Early in the movie an omniscient, grandfatherly narrator, whose voice, booming intermittently over the soundtrack, propels the story forward, informs us that as a boy Jamie watched “Strictly Ballroom” 97 times. He dreamed of becoming a salsa dancer but was shamed out of it by his father, Rudy (Robert Costanzo), a boorish, poker-playing slob who cracks feng shui jokes about the arrangement of his lawn furniture.

 Fired from his job, his heart broken by a party-loving Dominican woman who drops him after his old-fashioned courtship proceeds at a snail’s pace, Jamie is forced to move in with his estranged older sister, Lianne (Ms. Rhein). As alienated in her own way as Jamie, she regales him with tough self-help bromides and inspirational gobbledygook in which God is “the big shot-caller.” Jamie convinces Lianne to be his salsa dancing partner, and together they venture into the night.

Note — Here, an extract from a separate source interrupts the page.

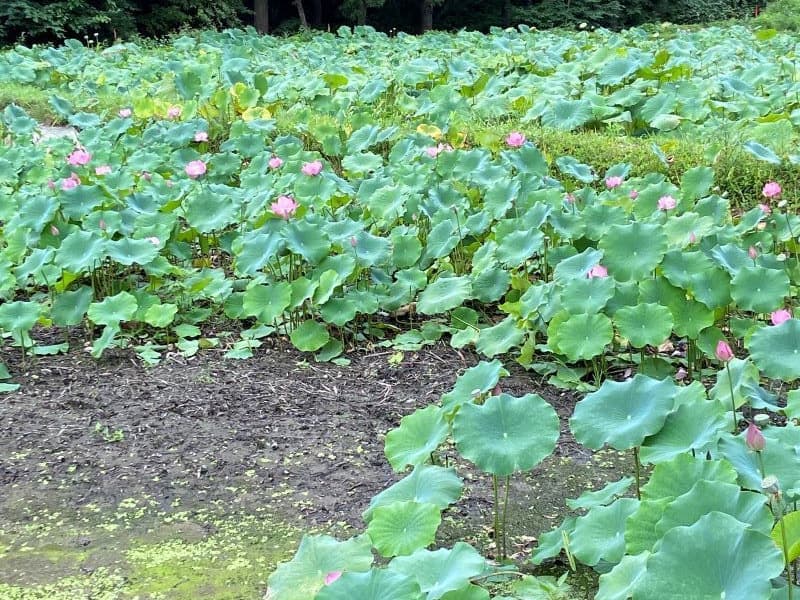 尾花沢から鳴子を往復するルートに選んだ山刀伐峠(なたぎりとうげ)に蓮の花が咲いていました。

The characters’ quirks lend “The Big Shot-Caller” a certain authenticity, and it is easy to empathize with Mr. Rhein’s Lonely Guy in the City. But this minuscule indie variation of “Saturday Night Fever” moves only in fits and starts. When it ends on a cautiously upbeat note, you feel that you have seen just the stumbling first act of an unfinished drama.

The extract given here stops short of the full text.